Import Lesson

This post originally appeared on the Software Carpentry website.

Lorena Barba has done it again. Having created a wonderful 12-step introduction to the Navier-Stokes equations using the IPython Notebook, she has now published AeroPython, which teaches the use of potential flow for aerodynamic analysis via the panel method. You don't have to know what that is to appreciate the beauty of what she has built—I certainly don't, at least not yet—but I'd like to explore something that isn't in those notebooks. Before doing that, though, I need to introduce an acronym that never caught on.

Most programmers are familiar with the term "API", which stands for "Application Programming Interface". It's the functions, classes, and what-not that a library provides, i.e., the things a programmer can call or use after loading that library. The complementary term that never caught on is "XPI", or "External Programming Interface", which is the set of things a library needs in order to run. For example, the XPI of the Python glob library includes:

  • sys.getdefaultencoding()
  • sys.getfilesystemencoding()
  • os.curdir
  • os.error
  • os.listdir(dirname)
  • os.path.join(dirname, filename)
  • os.path.lexists(pathname)
  • os.path.split(pathname)

and a few things from the re and fnmatch libraries.

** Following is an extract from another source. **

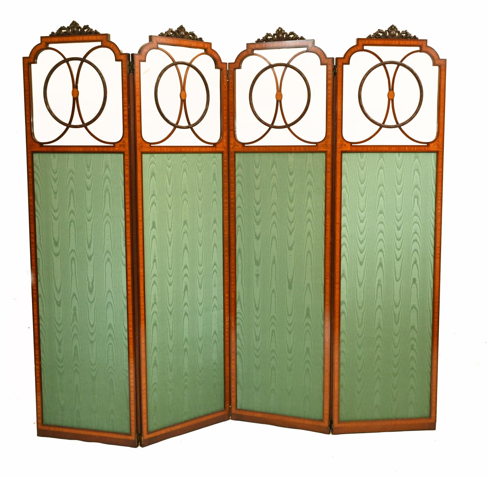 Edwardian Screen Four Panel Room Divider Satinwood c.1910

I sometimes think of lessons in terms of APIs and XPIs. A lesson's API is what it defines and explains; its XPI is the terms and concepts it relies on. As with code, APIs are usually explicit: "this library provides these functions" and "this lesson introduces these topics". In contrast, XPIs are usually implicit: programs don't list the things they use, they just use them, and the only way to discover exactly what concepts a lesson depends on is to read it through carefully. That takes so much time that it's often faster for people to write their own short lesson on a topic than to integrate with one someone else has written.

And then there's the maintenance problem. Software Carpentry's lessons are constantly evolving; how can someone who depends on them know whether everything they require is still there a year or two down the road? With software, they can recompile their program or re-run its unit tests and see whether things still work. There's no equivalent for lessons—no easy way to find out whether dependencies that used to resolve are still there.

Sooner or later, any large, multi-author project has to find a way to track and manage dependencies. Conversely, I believe that if a project can't do this, it won't be able to scale up. It isn't the only obstacle to collaborative lesson development, or the biggest, but it is an obstacle, even within Software Carpentry itself. If we can figure out how to solve it, we'll be one step closer to helping all the potential Lorena Barbas out there create a network of wonderful lessons.